Vous avez aussi exercé le métier très noble d’enseignant ?

L’enseignement est un métier pénible. Je l’ai exercé de 1973 à 1977. Quand je croise mes anciens élèves, je suis fier d’avoir contribué à leur réussite.

Avez-vous une préférence pour une de vos chansons ?

Sincèrement, je les aime toutes. Elles sont toutes liées par un cordon ombilical tacite.

Vous êtes un prisonnier du chagrin : pourquoi ?

Chacun de nous possède sa propre trajectoire dans la vie et son histoire.
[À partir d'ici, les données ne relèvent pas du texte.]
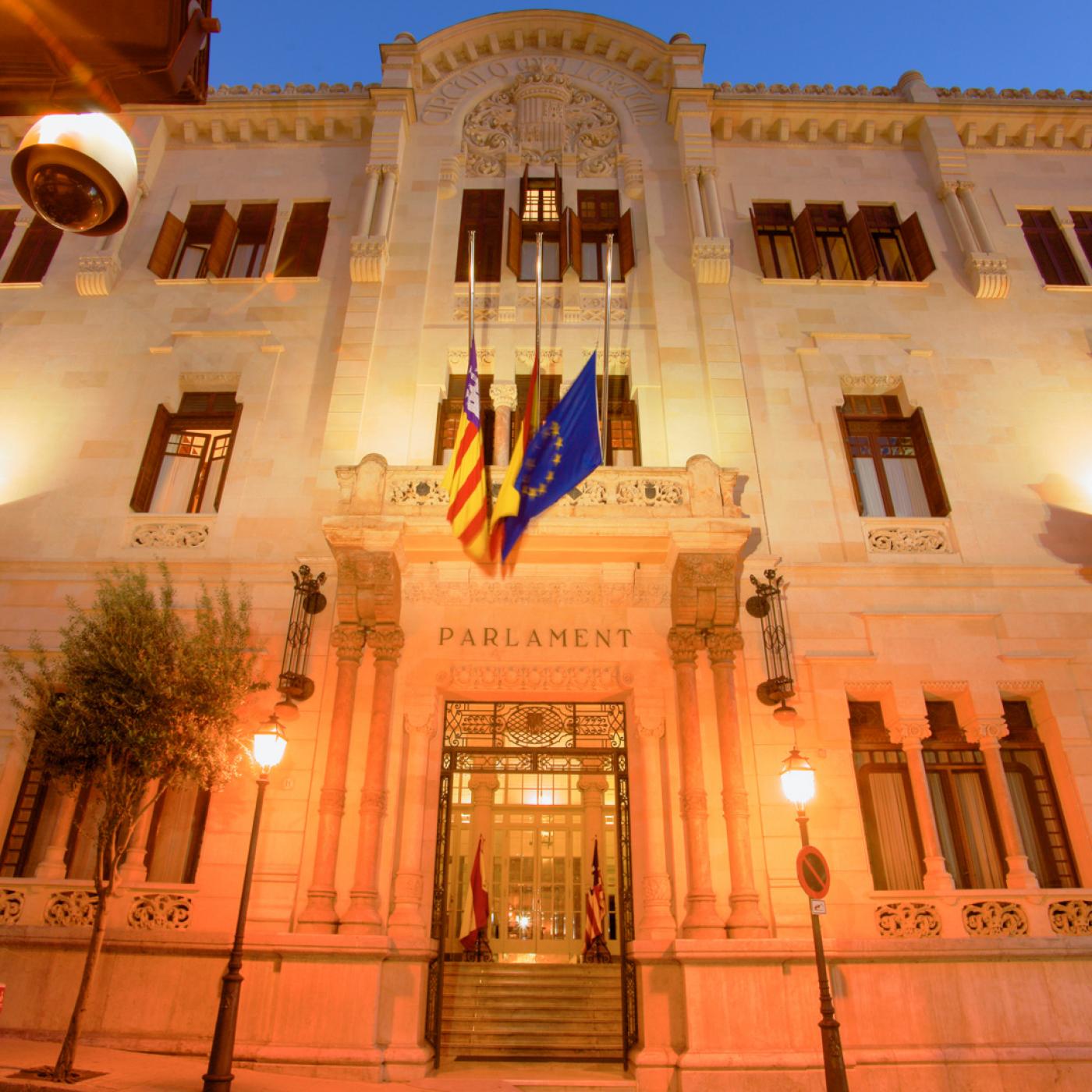 The building that today houses the Parliament of the Balearic Islands was built in 1848 on the site of the demolished Monastery of Sant Domingo. One of its most outstanding current features is the plenary assembly hall, the Círculo Mallorquín’s former ballroom, known as Sala de Cariàtides, designed by Ricard Ankermann in Historicist style.

Je chante la mienne et elle ne m’inspire que de la mélancolie.

En vous écoutant, un jeune de dix-huit ans aura peur d’aimer. Chez vous l’amour est un enfer. Ne pensez-vous pas que vous pouvez décourager un jeune à tomber entre les bras de ce sentiment en ne lui en montrant que sa face ardente d’affliction ?

Au contraire, dans toutes mes chansons, j’avertis les jeunes. Je leur dis : si vous perdez l’amour de votre vie, vous aurez tout perdu.

Vous êtes père de trois enfants. Que pensez-vous de la vie familiale ?

Avoir des enfants est un vrai bonheur. J’appelle tout le monde à se battre afin de réussir sa vie de famille. Rater l’amour et rater la vie de famille, c’est avoir tout rater.